The Power & Importance of Saying "NO"
Photo © Ernest Brillo
Women are known to say, "Yes" to helping a friend, neighbour and a loved-one before helping ourselves. It's in our DNA! Even though we are natural givers, social conditioning is a better explanation for the guilt we feel when we say no.
The good news is you can overcome this conditioning and learn when and how to say no.
Never feel guilty when "NO" happens to be your answer. I know we've been taught our whole lives that saying no is selfish. It just isn't true. If you say yes to everything, you will be overworked and filled with stress. Then, you won't be of use to anyone - your boss, your children, spouse or yourself. Stand your ground in your decisions, and you will have a more balanced life.
Once you learn to say no, you will have more time to yourself. No, this doesn't make you selfish, either. You work hard. You're a great mother, wife, friend and employee. You deserve to spend time doing the things you want to do. You can get back to hobbies you miss doing or find new ones. You can simply relax and focus on self-care. It doesn't matter what you decide to do in your free time; you do not owe anyone an explanation.
Reduce Stress & Anxiety
I know it can be stressful to say no, but that stress is fleeting. If you are struggling to balance the life you already have, saying yes to every project or favour that comes your way is only going to make it worse. The more stress you have, the more likely you are to develop more severe symptoms, physically and cognitively. Symptoms include headaches, chest pain, trouble sleeping, ringing in the ear, grinding teeth, poor focus, impaired judgment, bad memory and the list goes on. To avoid negative stress, say no to the things that will push your work-life balance over the edge.
Straighten Your Priorities
You're saying no, you have more time for yourself and you're still stressed out! Well, it might be time to reassess what is important in your life. For example, if you're saying yes to everything at work and no to everything at home, there's bound to be conflict. To help guide your decisions, make a list each area of your life and rank them from most to least important. Think about your current schedule and choices. Do the ranks match the allotted time for each category? If family is more important than work, you should be saying yes to date night with your spouse and no to working late that night. The list helps you to keep it all in perspective. Visuals will make it easier to see the changes you need to make.
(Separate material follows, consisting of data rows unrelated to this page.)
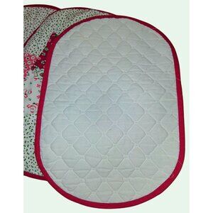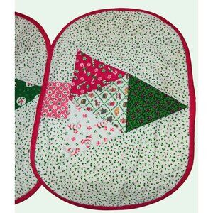 This set of 4 vintage quilted placemats features festive Christmas patchwork patterns in red and green tones, ideal for enhancing holiday table decor.
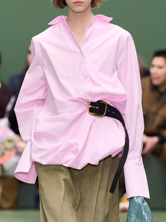 Urban Shirt Collar Long Sleeve Loose Blouse
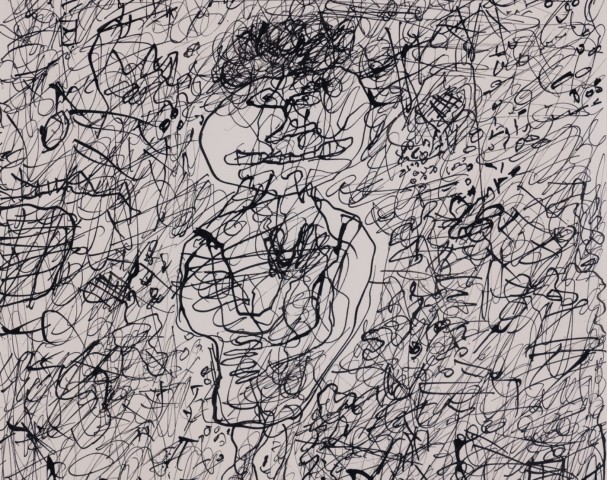 In this work, the silhouette of a man emerges with difficulty from a landscape made by energetic strokes of Indian ink. Visual translation of the artist's commitment to a culture that he later defines as asphyxiant, the schematic character is a point of passage to the still intact imagination of childhood. Overloaded and even saturated, the surface of this drawing is not unlike those of the series Materialologies and Texturologies realized during the previous decade.
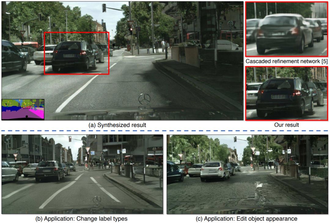 其次,GAN可以用于转换存在对应关系的图片。例如将标签转换为实景,将灰度图片转换为彩色图片,将航拍地图转换为二维地图等等。 下图是CVPR 2018论文"High-Resolution Image Synthesis and Semantic Manipulation with Conditional GANs"的结果,从街景标签到街景实景的生成过程使用了由粗粒度到细粒度的思想,先生成低分辨率的图片,然后再逐步生成高分辨率的图片。 论文链接:https://ift.tt/2AAPrOd
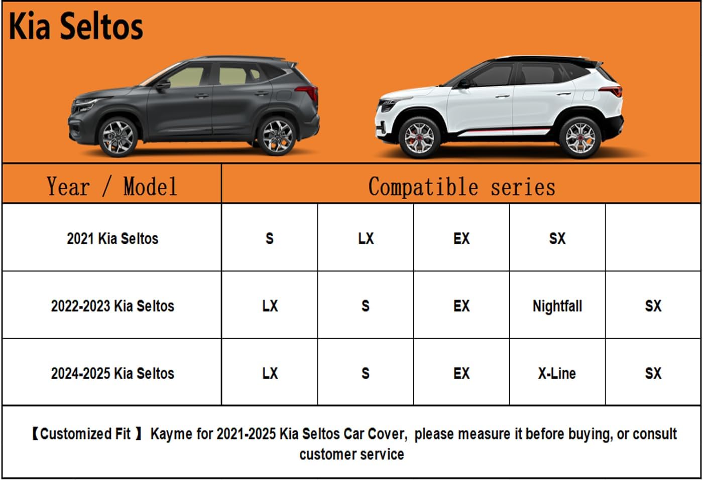 - Coverage : SUV, Full Exterior Coverage, Kia Seltos (2019-2025)
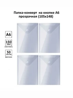 Папка-конверт на кнопке A6 прозрачная, 4 штуки
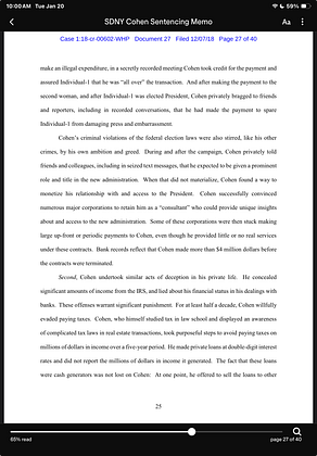 Cohen’s sentencing agreement…no coercion here…he took money illegally before,after election. Made 4 million dollars before contracts “were terminated.” MC was as “deceptive in private life as he was in campaign.”
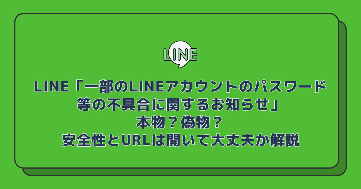 LINE「一部のLINEアカウントのパスワード等の不具合に関するお知らせ」は、現時点では公式通知の可能性が高い内容です。
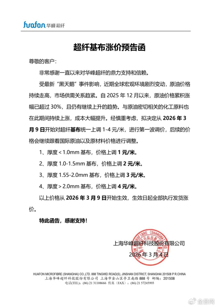 华峰超纤[300180] :受最新“黑天鹅”事件影响,近期全球宏观环境剧烈变动,原油价格持续走高,市场供需关系趋紧。自2025年12月以来,原油价格累积涨幅已超过30%,且仍有继续上升的趋势。与原油密切相关的化工原料也在此期间持续上涨,成本大幅提升。经慎重考虑,拟决定从2026年3月9日开始对超纤基布统一上调1元-4元/米,进行第一波调价,后续的价格会继续跟着国际原油以及原材料价格进行调整。
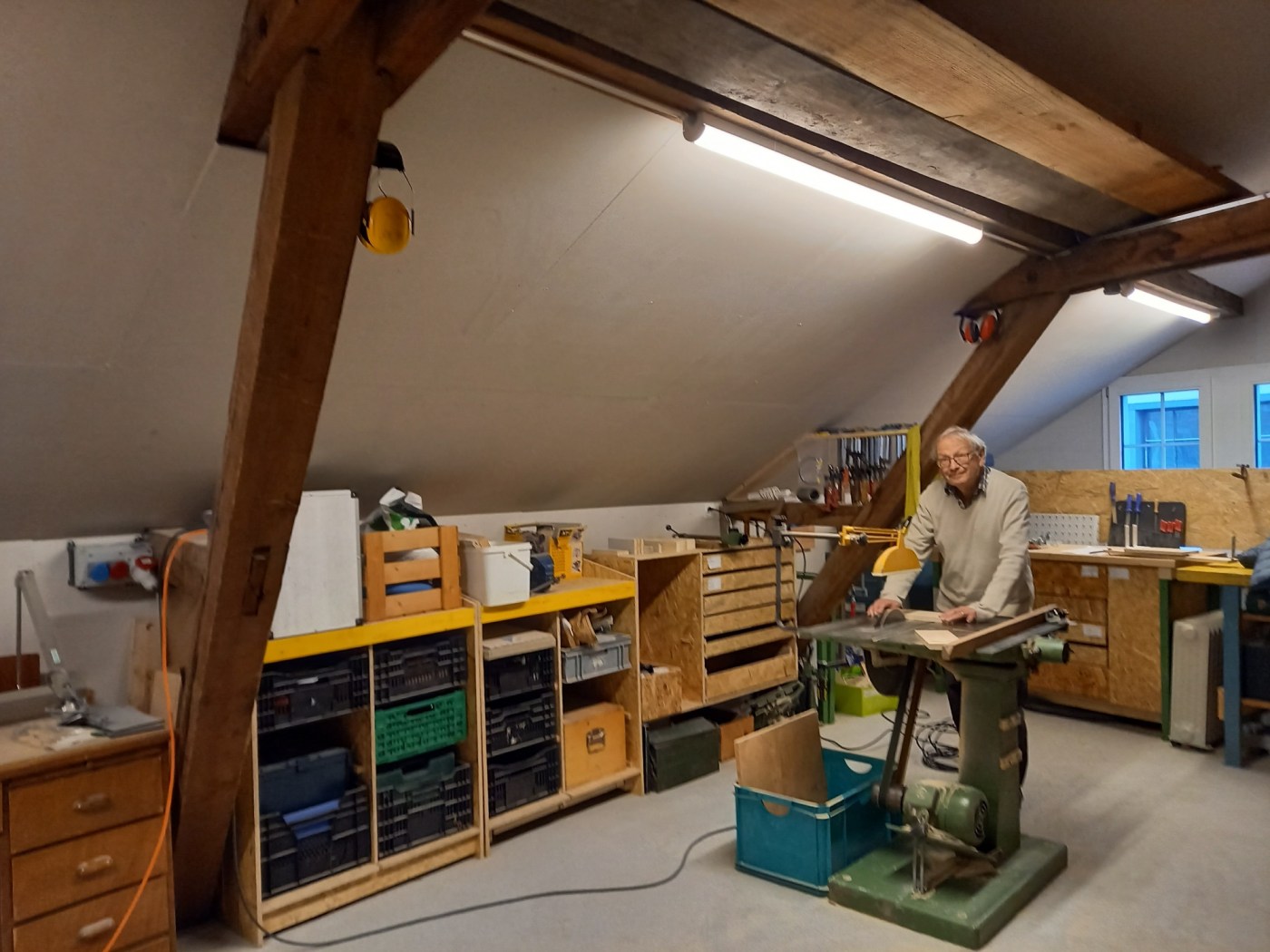 Ich staune, was es hier auf sechzig Quadratmetern alles an Geräten, Maschinen sowie an Schrauben und Nägeln aller Art gibt. Zum Beispiel eine Tischkreissäge mit 480-Volt-Motor, eine kleine Säge fürs „Laubsägeln“, einen Bohrer für Holz und Metall. Auch eine Hobelbank und selbst eine Kaffeemaschine fehlen nicht. „Hier kann man auch töpfern oder malen,“ betont Hansjörg, und die Remise werde für eine kleine Miete auch den Kunstschaffenden des Hauses sowie „Auswärtigen“ überlassen.

Saying no doesn't mean you have to be insensitive or rude, and you shouldn't say it all the time. However, your automatic response should not be yes, which I know is the case for many of us. You should weigh your options. Is this something you want to do? What are the benefits if I agree? Give an honest answer based on a variety of criteria such as length of commitment, current schedule restraints and stress factor of the activity in question. Let the asking party down easy with phrases such as "I appreciate you asking, but I can't do it right now," or "I'm going to say no for now. I'll let you know if something changes."
It's going to be hard at first, but you can do it. It took years of conditioning to make you uncomfortable with standing up for yourself, and you won't be comfortable right away just because you have your mind set on it. It takes practice. But you are worth it. Your happiness and the happiness of those you care about depend on it.